Hashing methods can be mainly grouped into traditional hashing methods and deep hashing methods. In traditional hashing methods, images are firstly represented with the hand-crafted visual descriptors (e.g. SIFT [15], GIST [20], HOG [3]), and then hash functions and quantization algorithm are separately learned to encode the features into binary codes. Based on whether the supervised information is adopted, traditional methods can be categorized into unsupervised hashing models (LSH [4], SH [29], ITQ [10], AGH [14]) and supervised hashing models (SSH [27], BRE[8], MLH [18], KSH [13], SDH [24]). Deep hashing methods (CNNH [30], NINH [9], DPSH [12], DHN [35], DSDH[11]) simultaneously learn feature representation and hash functions based on deep networks and usually are trained with supervised information. Due to its powerful ability of feature representation and nonlinear mapping, deep hashing methods have shown their better performance than traditional ones.

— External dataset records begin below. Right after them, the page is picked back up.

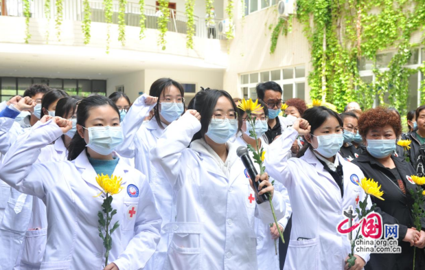 “健康所系,性命相托”,现场25名身穿白大褂的医学生举起右手,紧握双拳,重温了《医学生誓言》,他们铿锵有力的宣誓,彰显出该校医学生成为医者的初心和使命。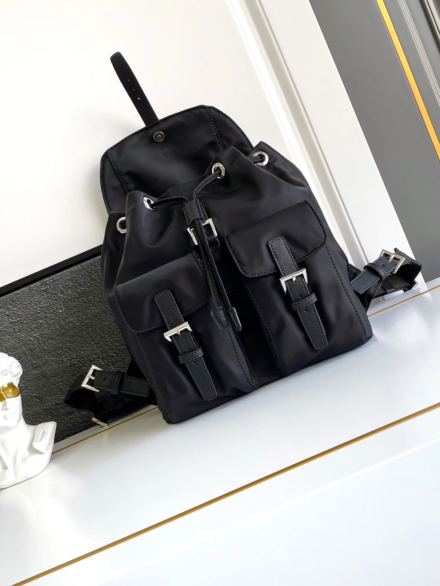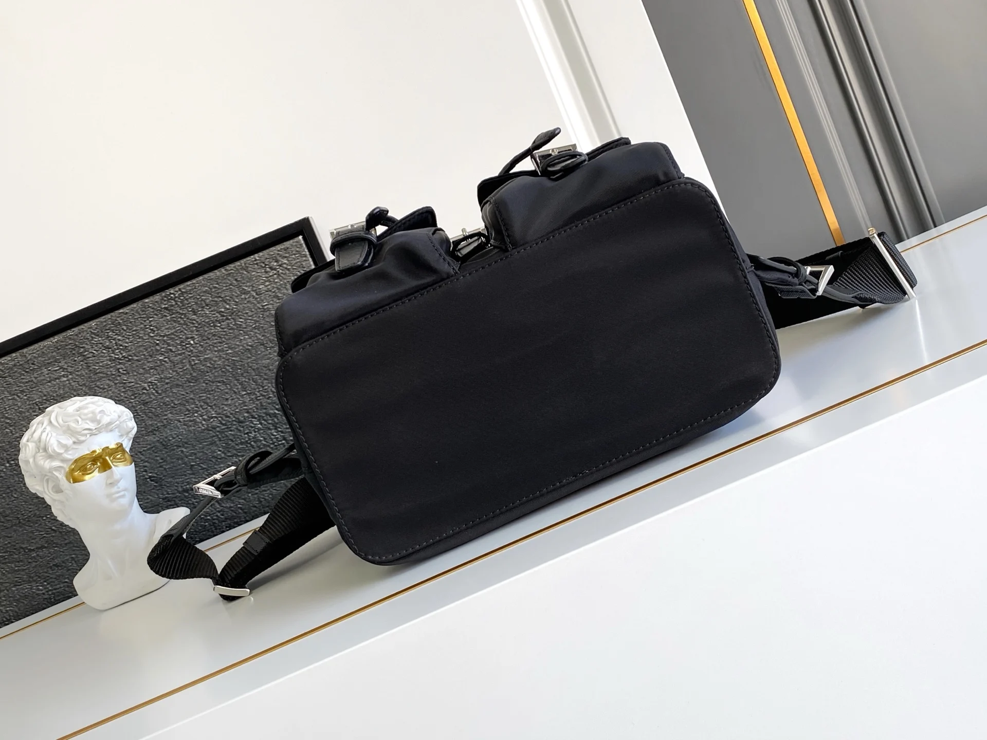 新款小号背包这款尼龙背包是Prad传统设计的组成部分 彰显着品牌的重要特质 创新性材质 奢华实用主义和经典重释 包身采用海洋塑料回收物提纯所制的Re-Nylon再生尼龙打造 现代感中透露出简约设计 彰显时尚优雅魅力 轻便又实用 上身效果超有范全面升级尼龙面料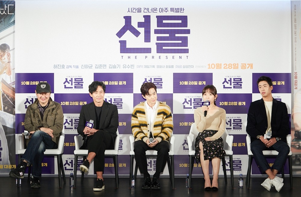 ‘선물’은 50년전인 1969년에서 현재로 온 전기기술자 상구(신하균)가 열화상 카메라를 만들기 위해 고군분투하고 있는 청년 창업가 하늘(김준면), 보라(김슬기), 영복(유수빈)을 만나 도움을 주면서 벌어지는 이야기를 담고 있으며, 과거와 현재를 오가는 ‘타임슬립’ 영화다.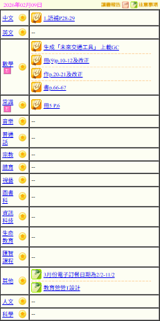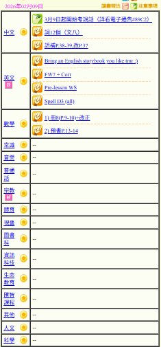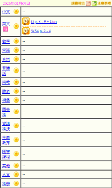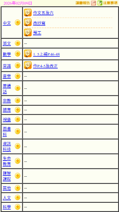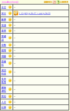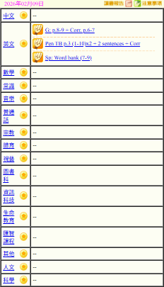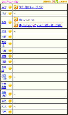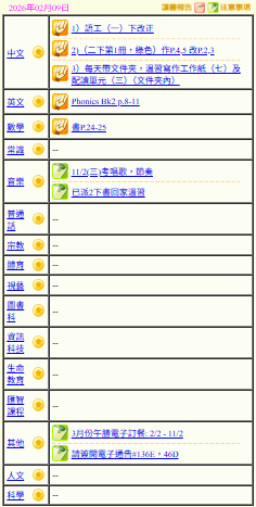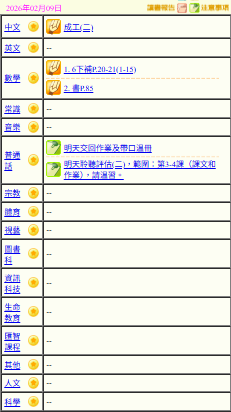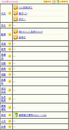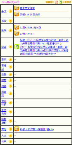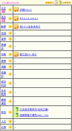 - 班別家課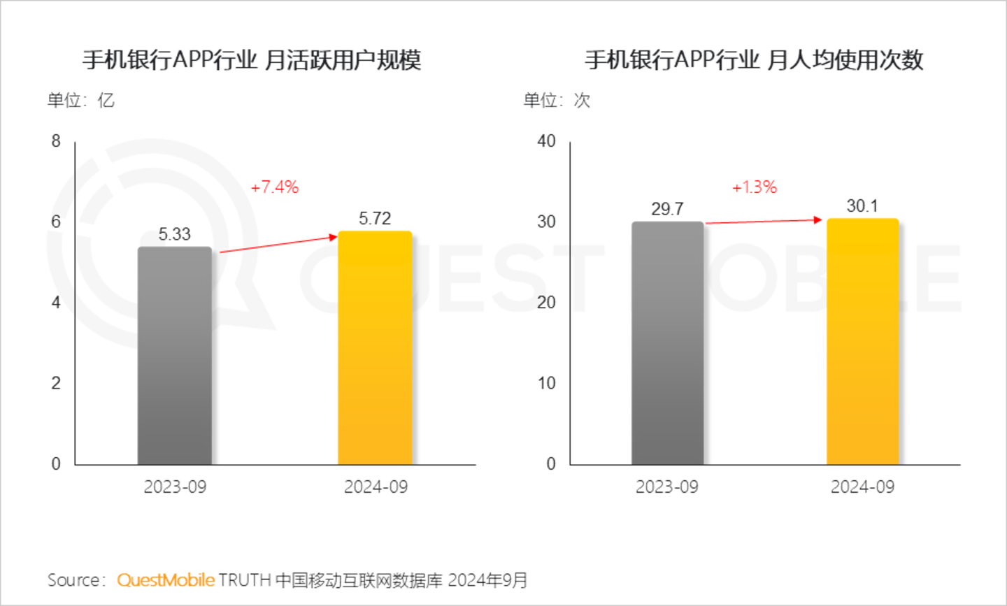 Ⅱ. 大数据、人工智能等技术的加持下,手机银行APP在智能化服务方面不断升级,提升了用户使用体验,用户规模逐步扩大,月人均使用次数也有所增长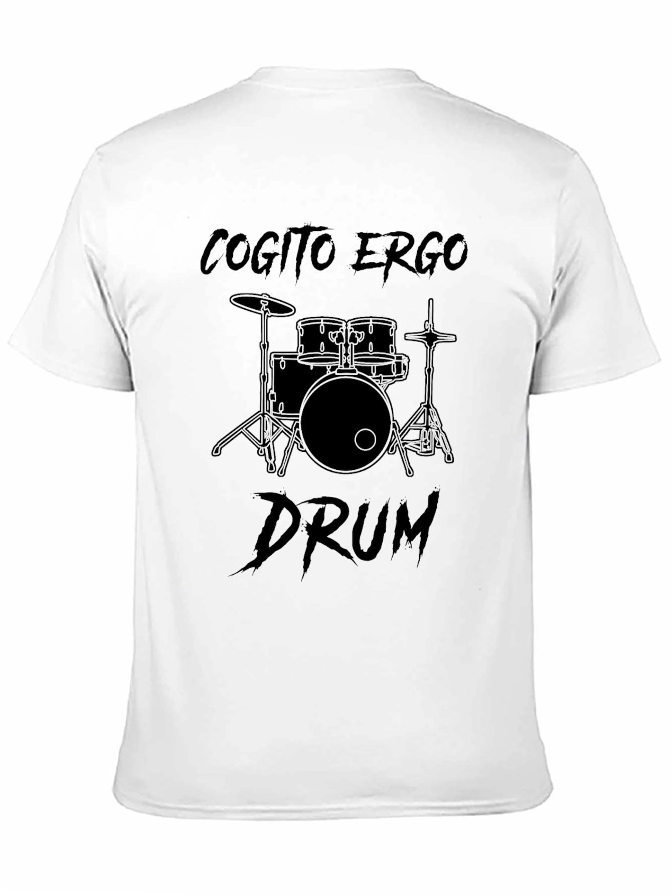 Show off your love for philosophy and drumming with this cool black T-shirt! The shirt features a stylized graphic of a drum set along with the text "Cogito Ergo Drum", a playful twist on the famous philosophical statement. Made from comfortable fabric, this tee is perfect for casual wear, band practice, or your next concert. Get ready to spark conversations and showcase your unique style. A must-have for any drummer or philosophy enthusiast!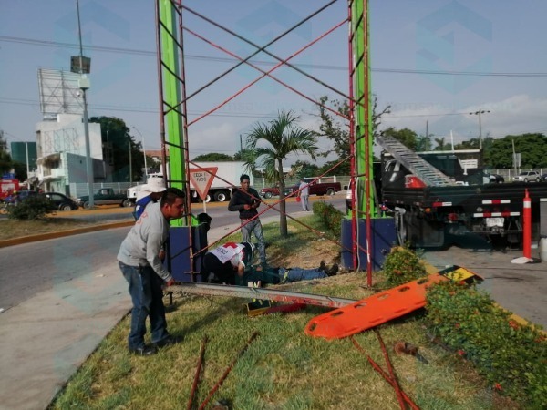 Este viernes por la mañana los socorristas de la Cruz Roja auxiliaron a un hombre que se cayó de un andamio, en la gasolinera que se ubica en la Intersección de los Bulevares.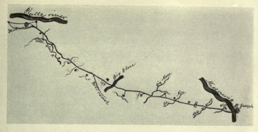 “Beautiful morning the Dr. said I could ride his horse if I liked, & having my saddle yet, I gladly excepted it; for it is tiresome riding in the waggon all the while, & every waggon should be provided, with at least one good horse, for the company to ride when they are weary, or when they wish to go out & hunt; for it is very hard to go off from the road a hunting, & perhaps kill some game, & then have it to carry & overtake the teams; for as slow a[s] an ox teem may seem to move, they are very hard to catch up with, when you fall behind an hour or two. and you need a horse also, to ride through & drive the team in all bad places, & to get up your cattle without getting your feet wet, by wading in water or dew; if such exposures as these were avoided, I do not think there would be as much sickness as there usually is, along here, for we have not passed less than 100 fresh graves from St. Joseph to the Blue river. See some dead stalk, the wolves have a feast, hope they will not disturb the graves.” – Lodisa Frizzell. Lodisa’s diary can be viewed here. The map is one of many illustrations Lodisa drew and that are found in her journal.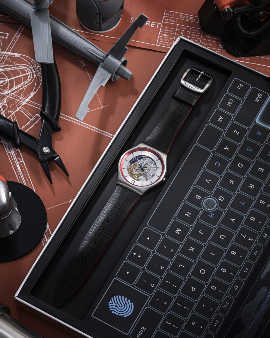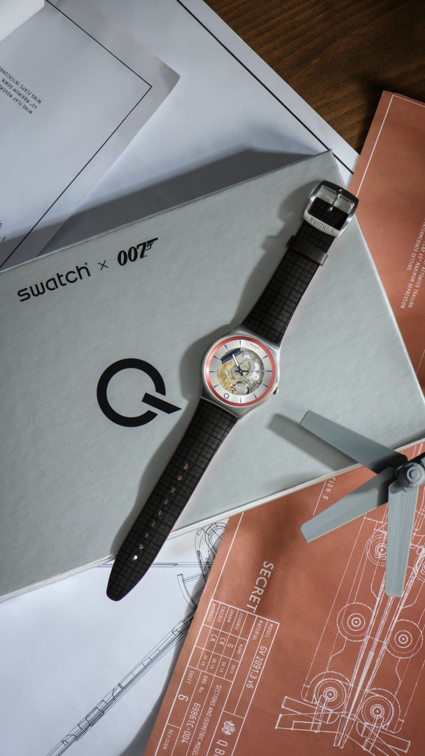Se presenta la nueva versión de Swatch en exclusiva para el filme del 007 No time to die, que llegará a las salas de cine en noviembre. Q es el personaje favorito de la marca, por lo que desarrolla un misterioso reloj inspirado en el laboratorio de Q.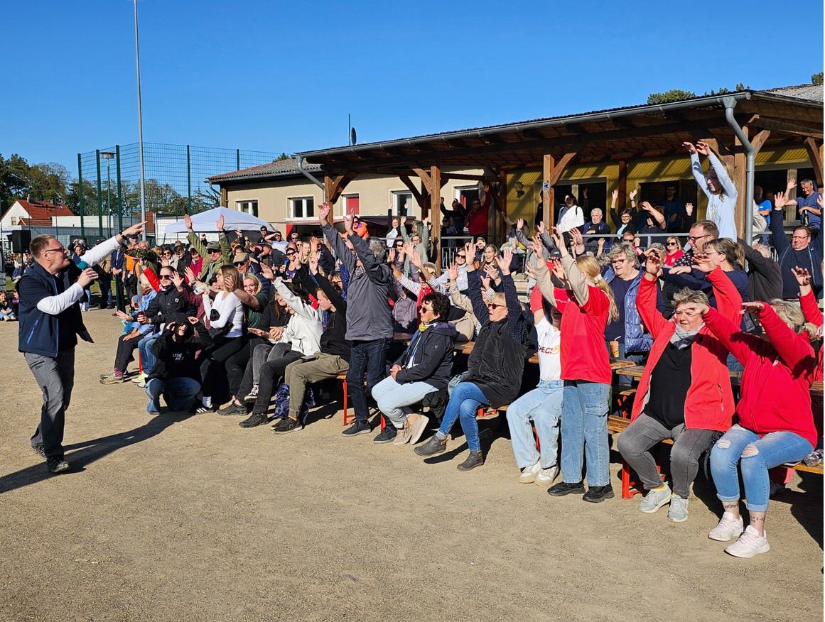 NDR-Team und Vereinsvorstand zeigten sich gleichermaßen begeistert von der Volksfeststimmung. Noch einmal schlug die Stimmung hohe Wellen, als Kathrin Kommer vom Marketing der Volksbanken Raiffeisenbanken Mecklenburgische Seenplatte und Jana Brandt aus der Neustrelitzer Filiale des Finanzunternehmens den Scheck über 2000 Euro an den Vereinsvorsitzenden Martin Linke überreichten.

Although encouraging performance reported in the models above, obtaining labeled data is expensive. Contrarily, unlabeled data is always enough and free. Thus, semi-supervised hashing method is a good solution where a small amount of labeled data and lots of unlabeled data are utilized to learn better binary codes. Semi-supervised Hashing (SSH) [27] is proposed to minimize the empirical error over labeled data and maximize the information entropy of binary codes over both labeled and unlabeled data. However, SSH is implemented without deep networks, which leads to unsatisfying performance compared with deep hashing methods. Deep Semantic Hashing with GANs (DSH-GANs) [21] minimizes the empirical error over synthetic data generated conditioned on class labels based on deep architecture. However, class labels are more difficult and expensive to obtain than triplet-wise labels [9]. Semi-supervised Deep Hashing (SSDH) [34] and Deep Hashing with a Bipartite Graph (BGDH) use graph structure to model unlableled data. However, constructing the graph model of large-scale data is extremely expensive in terms of time and space, and using batch data instead may lead to a suboptimal result.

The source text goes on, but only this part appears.